Die RAM's sind leider nicht die exakt gleichen wie ich habe.

Jetzt muss ich erstmal die Kühlleistung verbessern. Wie mache ich denn den Lüfter am besten sauber (noch nie gemacht)?
Und was kann ich noch genau machen um die Kühlleistung zu verbessern? Lohnt sich sowas: NOTEBOOK LAPTOP KÃœHLER COOLER STÃ„NDER| 5 x LÃœFTER | 2 x: Amazon.de: Elektronik ?

Danke dir !   Bevor ich  mich an den CPU wage muss ich erstmal Kühlung verbessern und den richtigen RAM finden.


----------



## iTzZent (21. Januar 2015)

Es muss auch nicht exakt der gleiche sein, den findest du eh nicht. Hynix, mind. 1333Mhz (1600 gehen auch) und SO-DIMM halt.

Wie schon via PN geschrieben musst du die Kühlung nicht verbessern. Notebookkühler bringen auch rein gar nichts ausser eine Lärmbelästigung...  Wenn das Gerät aktuell zu heiss wird liegt das an folgenden Sachen:
1. eingetrocknete Wärmeleitpaste auf CPU und GPU
2. Staubteppich zwischen Lüfterlamellen und Lüfter

Daher, Lüfter ausbauen und die Lamellen reinigen und die Wärmeleitpaste erneuern.


----------



## Redsupp (21. Januar 2015)

iTzZent schrieb:


> Es muss auch nicht exakt der gleiche sein, den findest du eh nicht. Hynix, mind. 1333Mhz (1600 gehen auch) und SO-DIMM halt.
> 
> Wie schon via PN geschrieben musst du die Kühlung nicht verbessern. Notebookkühler bringen auch rein gar nichts ausser eine Lärmbelästigung...  Wenn das Gerät aktuell zu heiss wird liegt das an folgenden Sachen:
> 1. eingetrocknete Wärmeleitpaste auf CPU und GPU
> ...



Da ich seit zwei Jahren nie saubergemacht habe, könnte 2. sehr gut zutreffen.
Nummer 1 nehm ich auch in Angriff, danach seh ich ja was es gebracht hat.

Wie ersetze ich die WLP?


----------



## iTzZent (21. Januar 2015)

Heatpipe ausbauen und von den Resten der alten Wärmeleitpaste befreien. Optimal geht das mit einem einfachen Tempo Taschentuch. Wenn du noch ein wenig technischen Alkohol zur Hand hast kannst du den auch gerne dafür verwenden. Das gleiche gilt für CPU und GPU.

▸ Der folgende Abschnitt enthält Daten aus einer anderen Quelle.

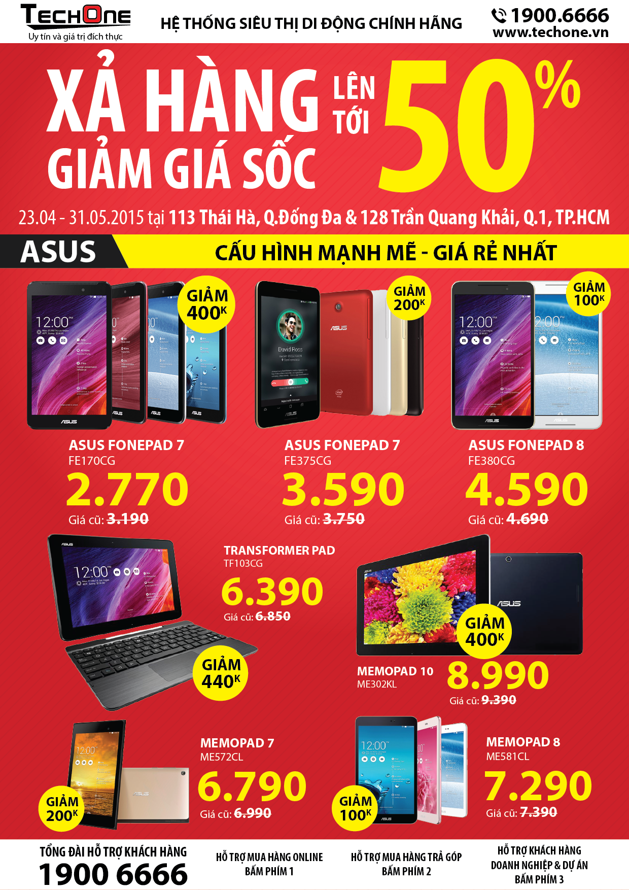 Nhằm mang tới cơ hội sở hữu smartphone cho khách hàng, TechOne triển khai chương trình Xả kho, sở hữu smartphone với mức giá giảm tới 50%, tạo cơ hội mua điện thoại tốt với giá từ 690.000 đồng, cùng chế độ bảo hành cũng như chất lượng sản phẩm không thay đổi.
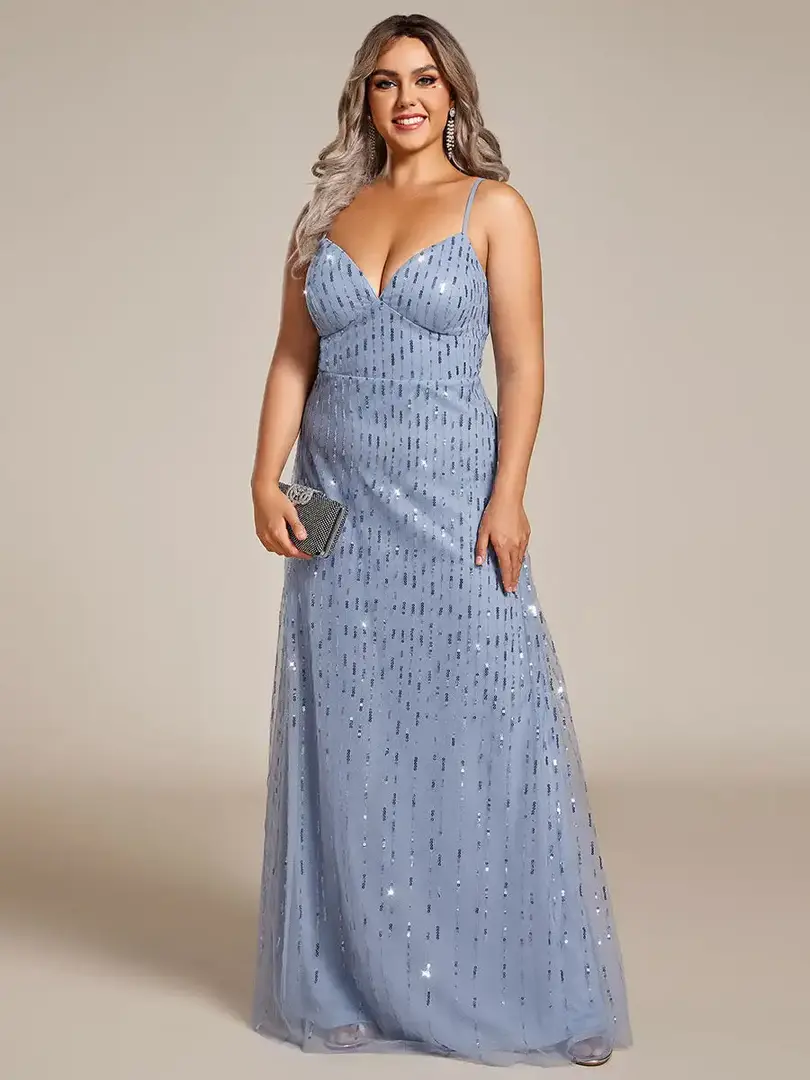 Plus Size Evening Dresses Maxi Long Tulle Sequin v Neck Spaghetti Straps 2024 Ev
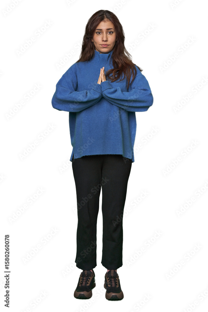 Middle Eastern woman, full body studio praying, showing devotion, religious person looking for divine inspiration.

Danach je 2 Erbsen grosse Punkte auf CPU und GPU und alles wieder zusammen bauen.


----------



## Redsupp (22. Januar 2015)

Werde den Lüfter reinigen und die Heatpipe polieren. Danach bring ich neue WLP auf.
Ich hoffe das bringt mir einen ordentlichen Kühlungsschub, sonst kann ich den neuen Prozessor vergessen.

4GB Arbeitsspeicher wird auch noch zusätzlich eingebaut. habe diesen hier bestellt: 4GB G.Skill SQ Series DDR3-1333 SO-DIMM CL9 Single - Hardware, Zwar kein Hynix, aber sonst müsste es passen.


----------



## iTzZent (22. Januar 2015)

Der Ram passt auch, frage ist nur ob er DualChannel kompatibel zu deinem Hynix ist, deswegen hatte ich nur Hynix Riegel gepostet.


----------



## Redsupp (22. Januar 2015)

Oh mist okay. Lässt sich das herausfinden?


----------



## iTzZent (22. Januar 2015)

Wirst du denn sehen, wenn es Probleme gibt.


----------



## Redsupp (22. Januar 2015)

Ach verdammt. Hab bei Mindfactory bestellt, aber noch nicht überwiesen. soll ich lieber stornieren?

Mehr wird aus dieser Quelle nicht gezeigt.